Abdülahet Kuzgun Çetin Acar (28 February 1928 – 4 February 1976) was an Afro-Turk sculptor well known for his works in metal. He is best known for his abstract sculptures and is considered one of the pioneers of modern sculptures in Turkey. One of his famous sculptures is Kuşlar ("The Birds"), which he created in 1967.

==Private life==
Kuzgun Acar was born in Istanbul to Nazmi Acar and his wife Ayşe Zehra, who was a sub-Saharan African woman of either West or Central African origin, arriving from a Libyan port, or from Ethiopian origin . Although his father Nazmi Acar was a well-to-do businessman he initially refused Kuzgun, perhaps because of his dark skin color (the forename Kuzgun involves a pun; it means "Raven" in Turkish and seems to make reference to the saying “The raven sees her young as a falcon”). Kuzgun and his mother (who soon afterwards divorced her father) lived in poverty during his childhood and youth. He graduated from high school at İstanbul Sultanahmet Ticaret Lisesi. In 1948 entered the sculpture department of the Academy of Fine Arts (now Mimar Sinan Fine Arts University). He became a student of Rudolf Belling (1886–1972). In his academy years, influenced by Hadi Bara (1906–1971), he developed an abstract style. In 1953 he graduated from the academy. He married Münire Abdusef in 1955. After divorcing, in 1965 he got married for a second time to Bige Berker, who bore him a son named Yunus in 1966. He married for a third time in 1971 to Fersa Pulhan.

Acar died on 4 February 1976, aged 47, from intracerebral hemorrhage, following his fall from a ladder while he was working on a wall relief. He is buried at the Zincirlikuyu Cemetery.

==Career==
He worked with wire mesh, making sculptures reminiscent of Naum Gabo (1890–1977). He taught painting at Istanbul Atatürk High School and painting-sculpturing at the high school he finished. He displayed his sculpture works in wire at a personal exhibition in the American news Center in 1957. Between 1958 and 1960, he experimented making various forms with wire, nails, metal bars and scrap by gas welding. He performed experiments in enameling.

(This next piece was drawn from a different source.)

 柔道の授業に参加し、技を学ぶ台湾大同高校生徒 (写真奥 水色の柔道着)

His work, created with nails, was awarded the first prize at the Biennale de Paris in 1961. This award became a turning point for him, because he won one of the two scholarships allocated to foreign young artists by the Paris Biennale. Acar went to Paris on the scholarship and worked there for one year. His work was displayed at the Musee d'Art in 1962. His work and his designs were acquired by the museum.

After returning to Turkey, he won the first prize with his iron sculpture at the 23rd State Painting and Sculpture Exhibition in 1962. He took part at the Museum of modern art in Le Havre and Galerie Lacloche in Paris with his private exhibitions in 1962 and 1963. His next exhibitions were for his paintings at the Deutsches Kulturzentrum in Istanbul, and for his sculptures at the Musée Rodin in Paris in 1966.

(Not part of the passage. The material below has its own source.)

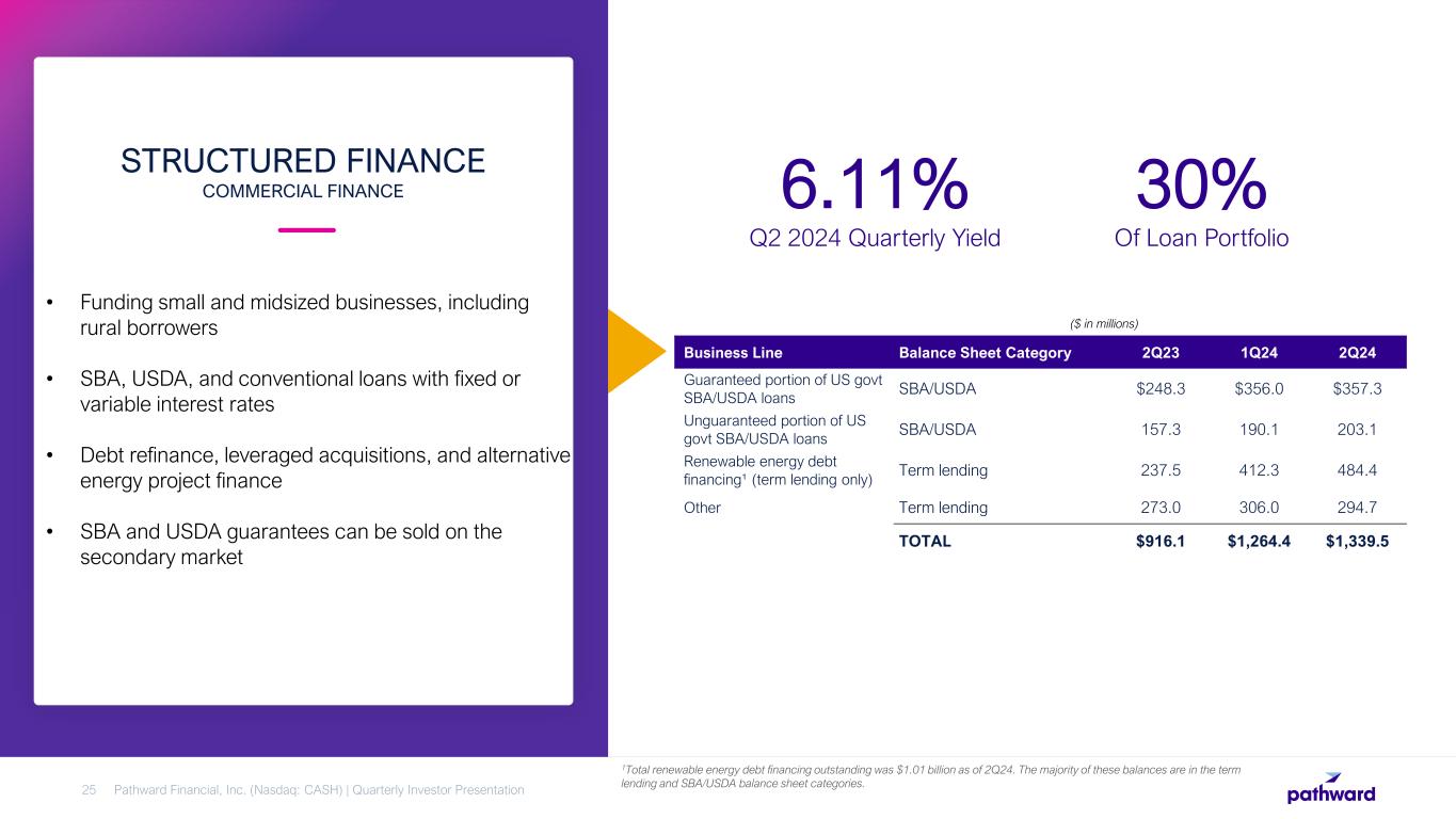 • Typically, short-term financing to facilitate the purchase of property, casualty, and liability insurance policies • Insurance premium loans have an average term of 10 months • Fixed rate loans • Usually collateralized by insurance premiums • Very low historical loss rate INSURANCE PREMIUM FINANCE COMMERCIAL FINANCE Pathward Financial, Inc. (Nasdaq: CASH) | Quarterly Investor Presentation24 7.54% Q2 2024 Quarterly Yield 12% Of Loan Portfolio ($ in millions) Business Line Balance Sheet Category 2Q23 1Q24 2Q24 Insurance Premium Finance Insurance premium finance $437.7 $671.0 $522.9 TOTAL $437.7 $671.0 $522.9

In 1966, he created his well-known public works Kuşlar ("The Birds") in Istanbul and Türkiye ("Turkey") in Ankara.

In 1968, he produced masks for street theater company of Mehmet Ulusoy. In 1975, he accompanied the Turkish theater company to Paris and created the masks for the play The Caucasian Chalk Circle. The 140 masks made of steel and rubber used in World War II are among his important works.

==Politics==
After Acar joined the socialist Workers Party of Turkey in the 1960s, his works did not find buyers, so he had to earn a living as a fisherman and barkeeper. He accompanied the street theater Devrim İçin Hareket ("Movement for Revolution"), which played at squares, strikes and protest rallies in 1968. He joined a group of foreign mountaineers to Eastern Anatolia for the shooting of a documentary movie promoted by the daily Milliyets campaign "Boğaz'a Değil Zap Suyu'na Köprü" ("A Bridge to the River Zap, not to the Bosphorus"). In 1972, he was detained by the military regime of 1971.

==Works==
- Kuşlar (1967)
Acar's metal sculpture Kuşlar ("The Birds") was selected to be displayed on the front facade of the İMÇ İstanbul Manifaturacılar Çarşısı (Istanbul Manufacturers Bazaar), located on Atatürk Boulevard between the Valens Aqueduct and the Unkapanı neighbourhood. After hanging there for some time, the sculpture was damaged due to exposure to the elements, and was taken down to be restored. When it was taken down, it was noticed that the damage was more severe than initially thought. The very extensive restoration efforts led by Asst. Prof. Özer Aktimur took three years. It was on display, for the first time in a museum environment, until 23 October 2016 and then was returned to its original place at the "İMÇ" building.

- Masks
Acar made 140 masks for the Kafkas Tebeşir Dairesi.

Türkiye (1966)

Some of Acar's works at public places caused controversy, and were removed and put in storage. His large-scale metal sculpture crafted in 1966 and titled "Türkiye", which stood in front of the Emek Business Center in Kızılay, Ankara, and depicted the lost lands in Anatolia due to becoming arid, was removed later, put in a storage and was subsequently sold for scrapping. Crafted in 1974, his 13 m metal relief composition made of automobile parts and scrap iron, which was placed on a wall at the social facilities of "Maden-İş Sendikası" ("Miners Union") in Gönen and depicted a worker, his family and employer, was removed after the 1980 military coup and put in storage. In 1997, as it was remembered, it was taken out from storage and was put in its original place. Crafted in 1975, his giant sculpture in the form of a hand in honor of former governor of Antalya Haşim İşcan was removed some time later and put in storage. It was then erected at Karaalioglu Park in Antalya.

==Tribute==
On 28 February 2021 Google celebrated his 93rd birthday with a Google Doodle.